OECD

Toronto Star March 11, 2019

OTTAWA—An international economic organization that oversees global anti-bribery efforts says it’s concerned by allegations that Prime Minster Justin Trudeau and senior officials tried to interfere in the criminal case against SNC-Lavalin, pointedly warning Canada about its obligations to safeguard independent prosecutions.

“It’s still at the stage of allegations but even this is enough for us to be concerned,” said Drago Kos, a senior anti-bribery official with the Organization for Economic Co-operation and Development.

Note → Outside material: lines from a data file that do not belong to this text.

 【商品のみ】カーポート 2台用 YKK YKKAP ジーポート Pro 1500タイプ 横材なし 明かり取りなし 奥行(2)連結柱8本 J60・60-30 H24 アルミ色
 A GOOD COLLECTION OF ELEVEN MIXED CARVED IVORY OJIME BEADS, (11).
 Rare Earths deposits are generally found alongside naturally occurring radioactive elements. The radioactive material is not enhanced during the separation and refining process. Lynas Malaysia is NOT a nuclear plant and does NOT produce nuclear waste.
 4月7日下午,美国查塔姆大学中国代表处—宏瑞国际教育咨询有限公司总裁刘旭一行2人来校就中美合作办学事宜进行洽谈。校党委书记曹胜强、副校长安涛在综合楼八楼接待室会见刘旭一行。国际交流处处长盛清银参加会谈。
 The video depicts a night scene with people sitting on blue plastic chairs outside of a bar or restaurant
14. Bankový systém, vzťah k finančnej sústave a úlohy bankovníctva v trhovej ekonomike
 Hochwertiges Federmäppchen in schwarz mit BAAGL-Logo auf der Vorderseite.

“We are not so much interested in the decision of the prosecutor, this agreement or not. That has to be an autonomous decision of the prosecutor which should not be influenced by anybody,” said Kos, the chair of the OECD working group on bribery.

“This is the point of our concern,” he told the Star in a telephone interview.

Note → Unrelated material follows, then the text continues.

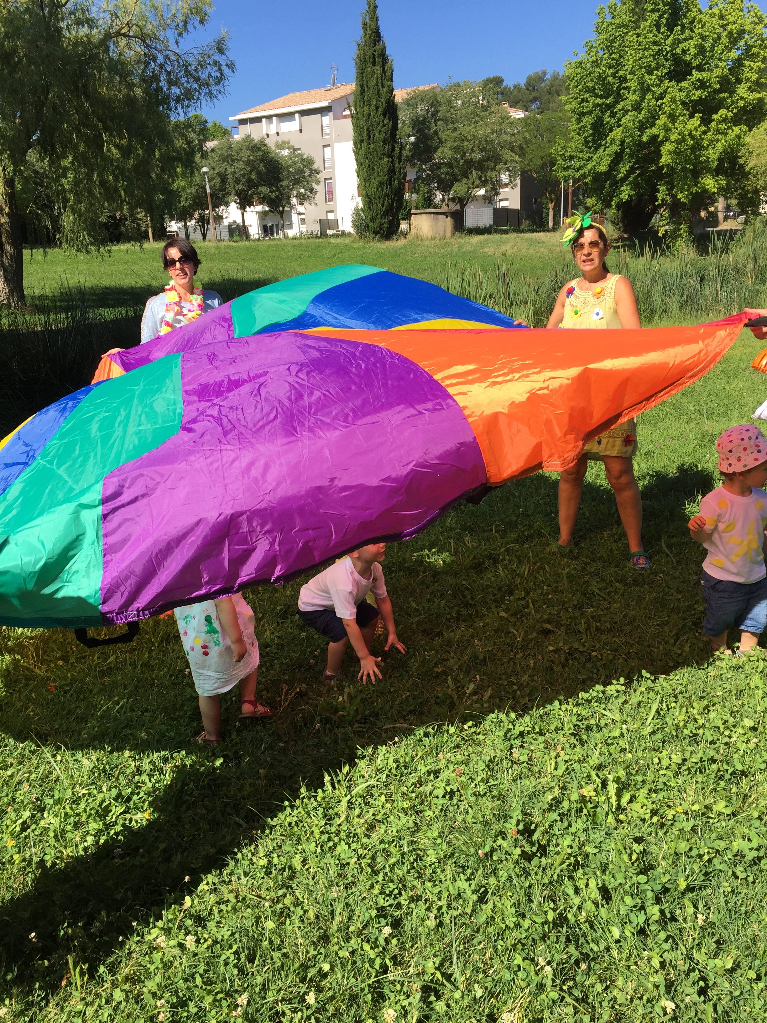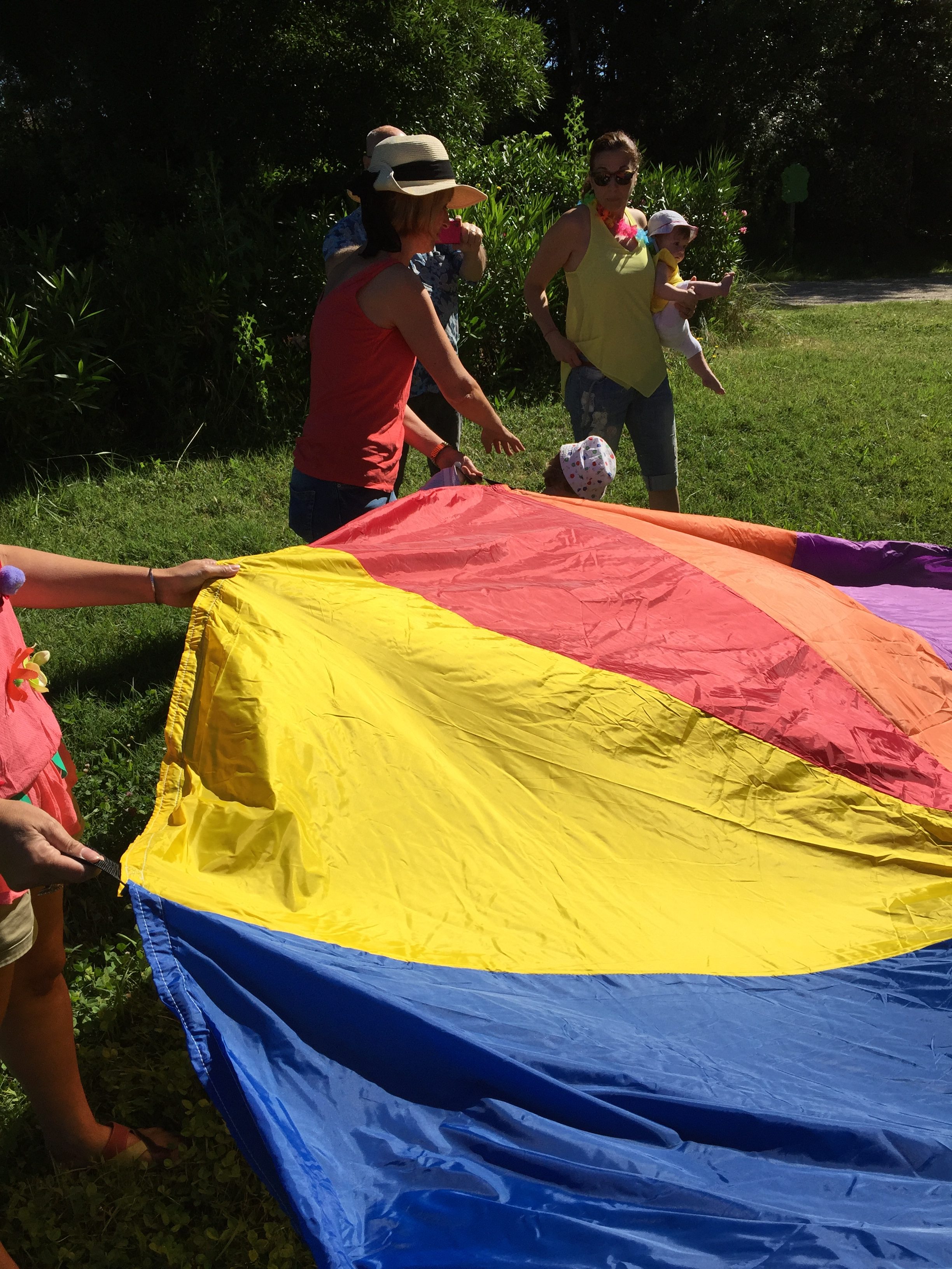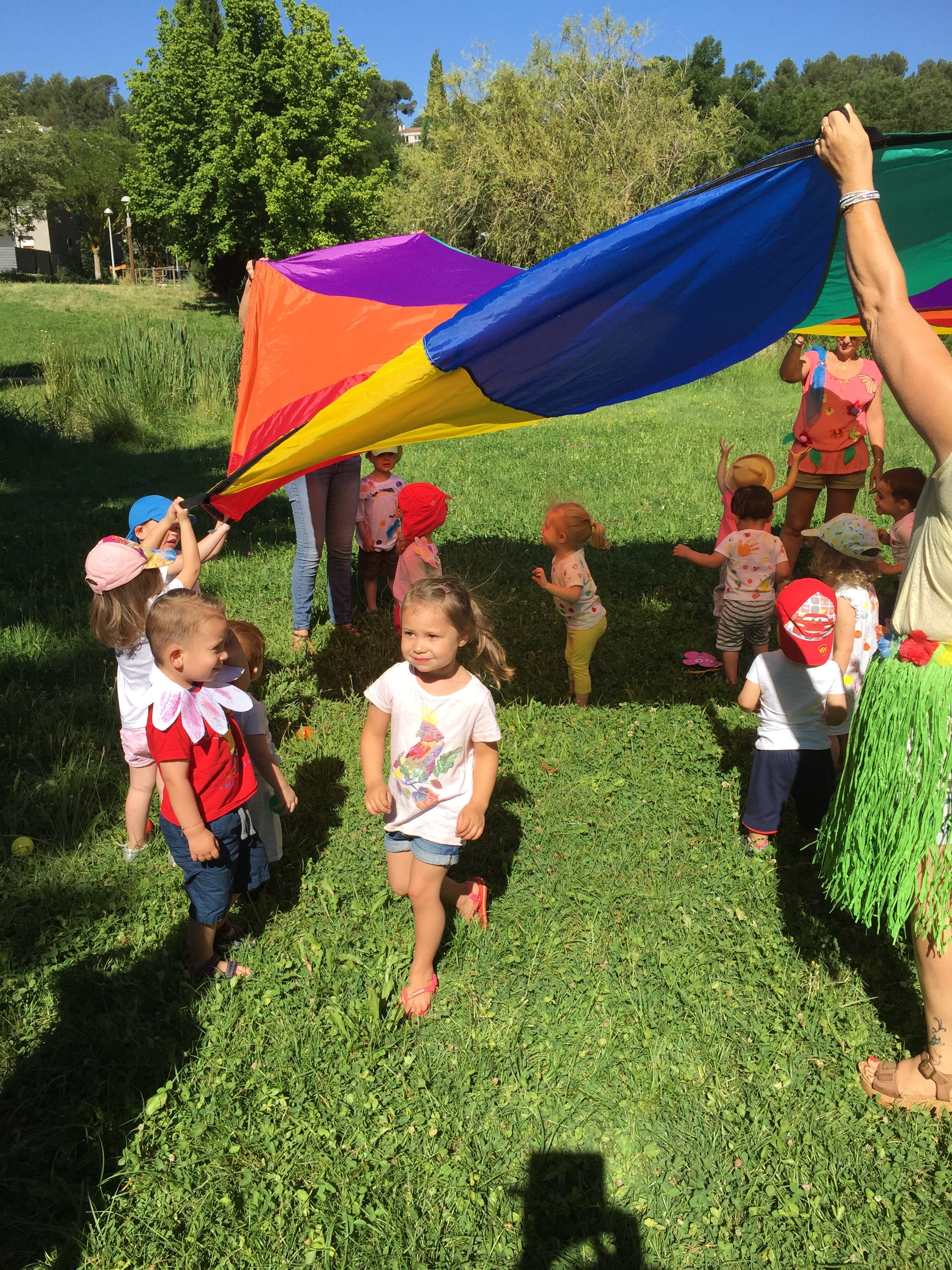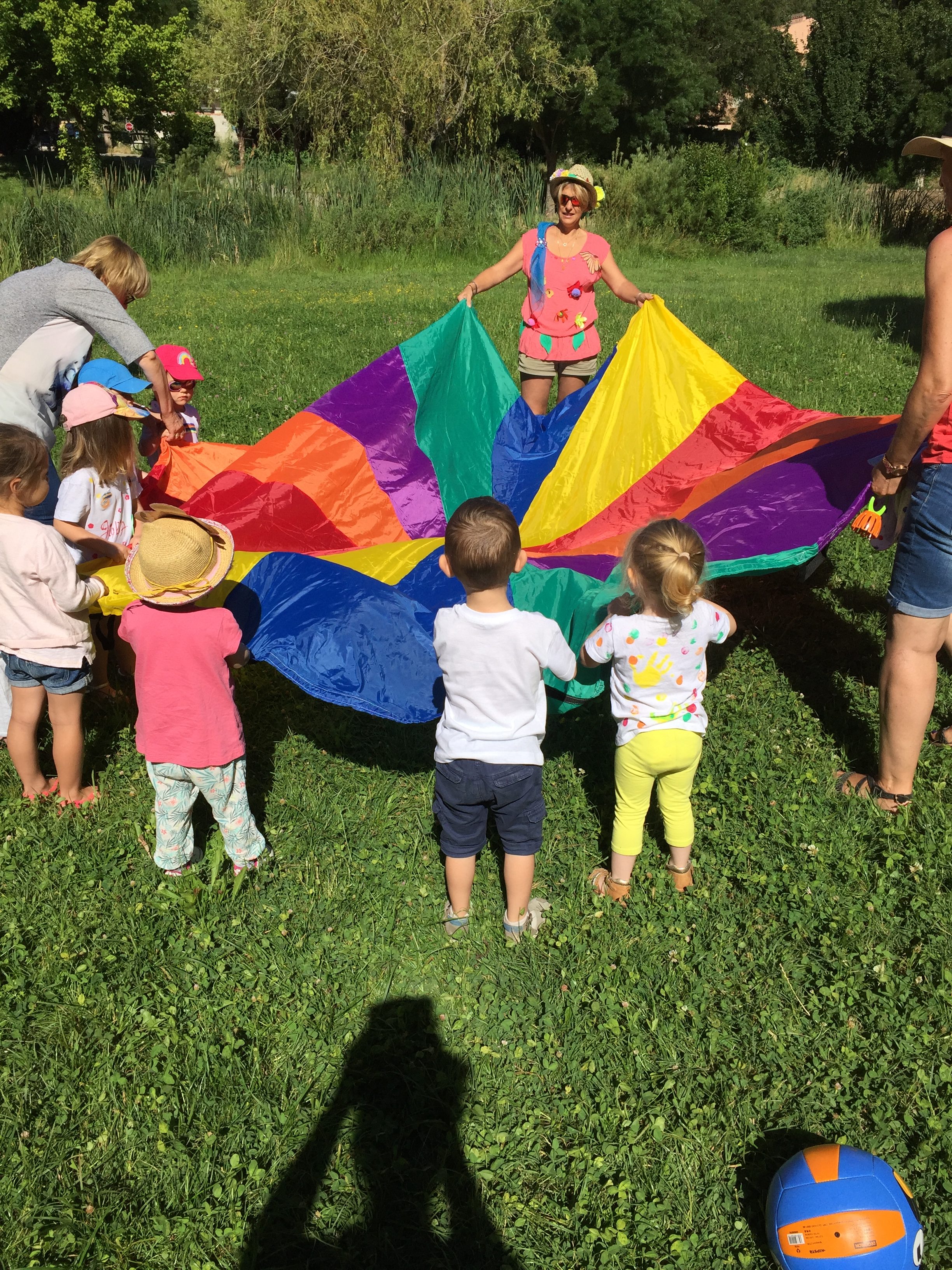 A l’ombre des arbres nous avons pu organiser des moments d’animations, comme le parachute, les piscines a balles, tunnel..

And Kos said the excuse used by Trudeau and others for their interventions — that they were concerned about jobs at SNC-Lavalin — is not a legitimate justification.

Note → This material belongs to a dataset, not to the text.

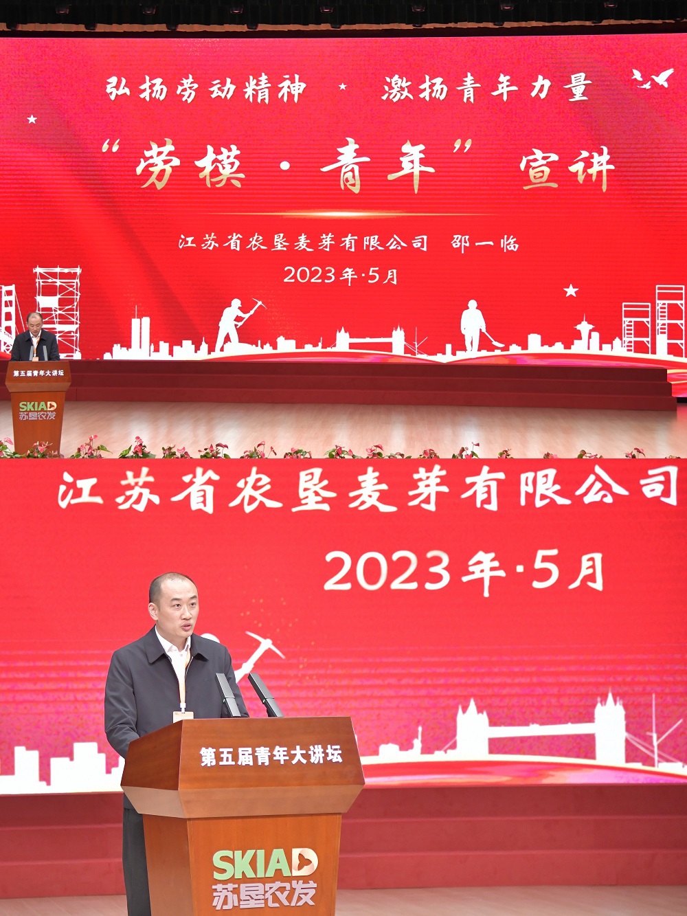 活动期间,还开展了以“弘扬劳模精神 激扬青年力量”为主题的青年劳模宣讲。江苏农垦第五届劳动模范、苏垦麦芽党委委员、副总经理、工会主席邵一临,是一名80后的青年劳模,他以“功崇惟志 业广惟勤”为题给青年们进行了宣讲,他用自己的亲身经历、成长故事、奋斗历程,诠释了劳模精神、劳动精神和奉献精神,激励着在场的每位青年,大家纷纷表示,要以劳模先进为榜样,学习他们爱岗敬业、艰苦奋斗、甘于奉献、敢于担当、勇于创新的精神,以更加昂扬的斗志、更加饱满的热情投入到自己的工作和生活中去。
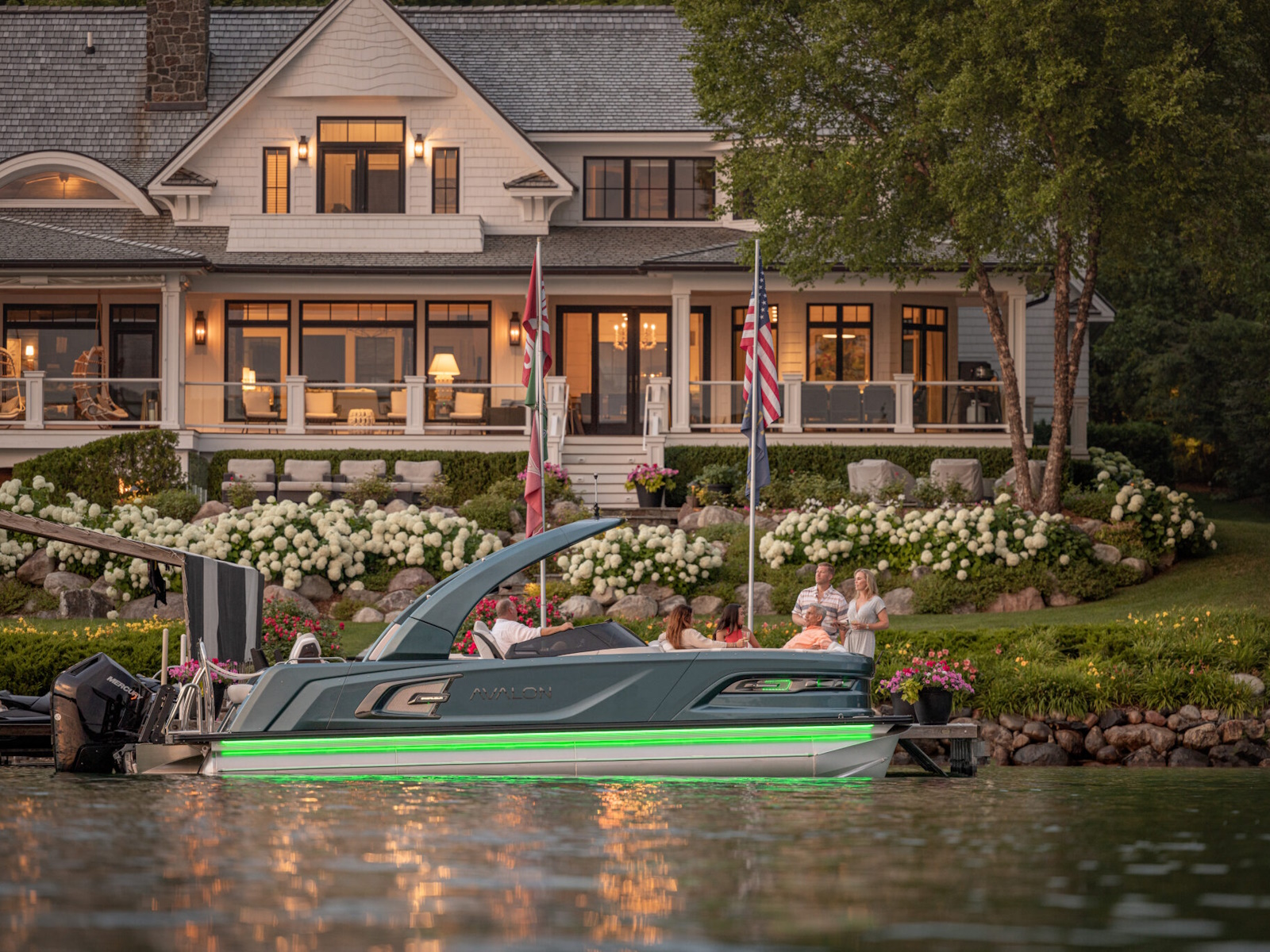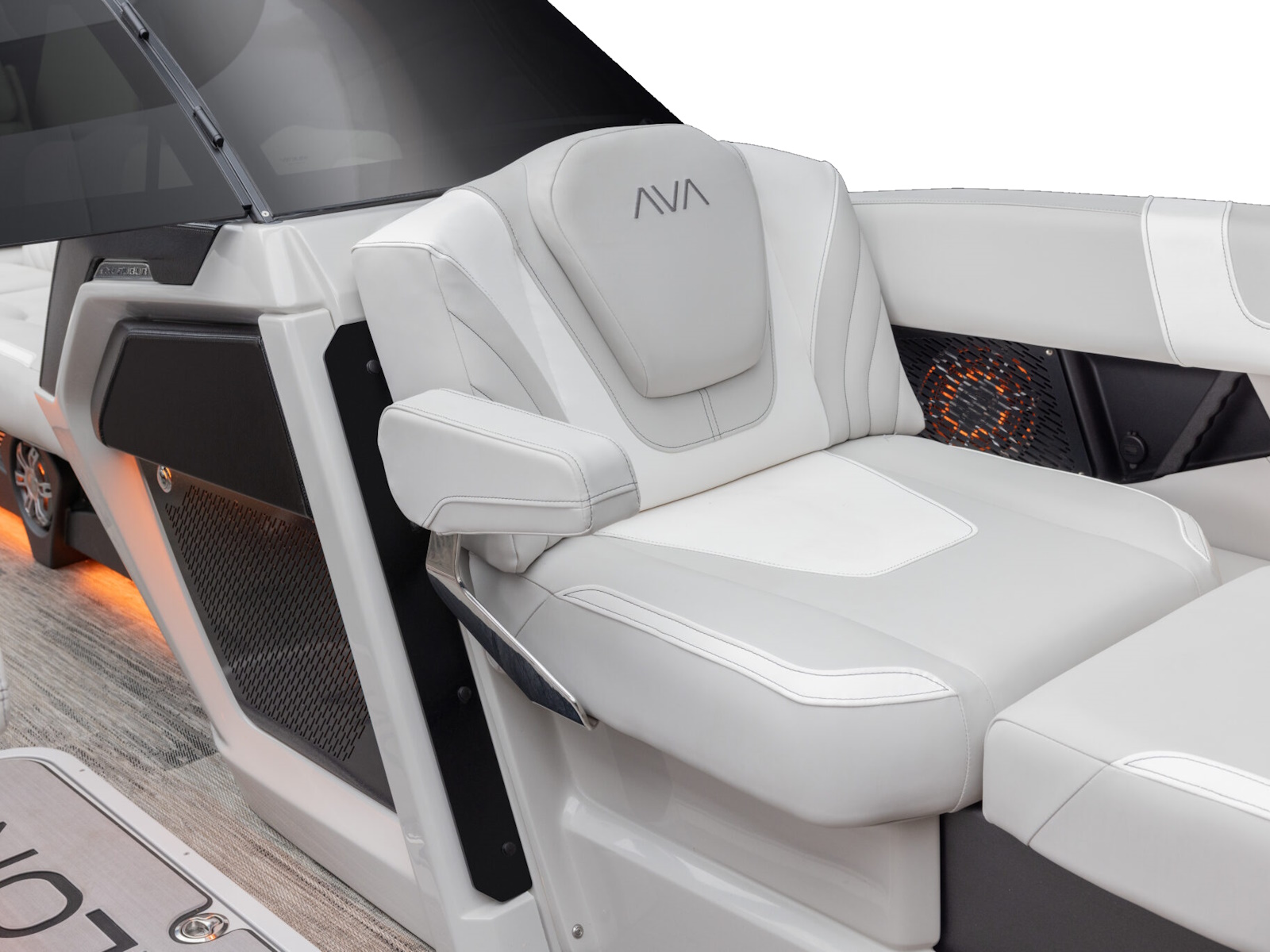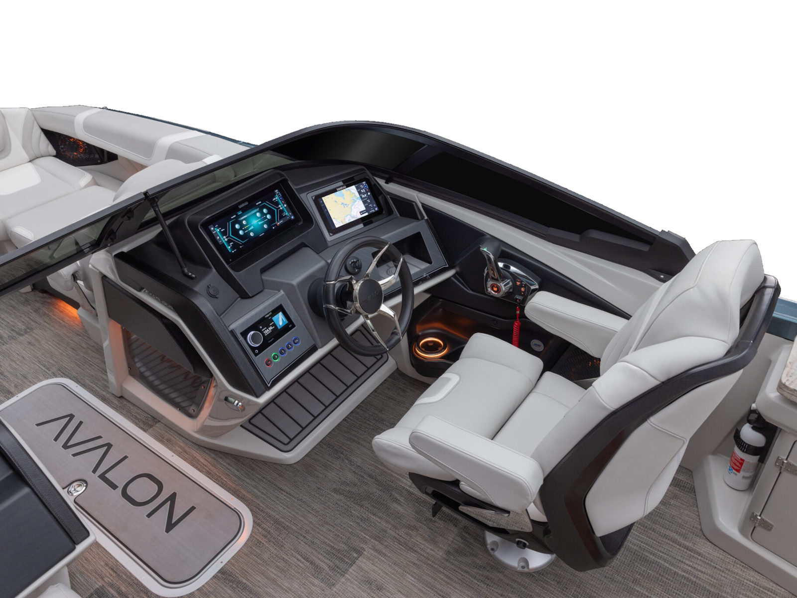 Courtesy light on helmstand | RGB lighted cup holders & mood lighting | USCG navigation lights | RGB exterior EGT docklights | RGB rubrail lights | RGB rear underwater lights

“My view is that the economic impacts of jobs — and it’s explicitly in the Criminal Code, the impact on suppliers, pensioners, customers, communities — is a relevant public interest consideration,” Wernick told the justice committee last Wednesday.

Not so, Kos told the Star.

“Those are the exactly the elements which should not influence the prosecutorial decisions,” he said. “That is exactly the requirement of the convention.”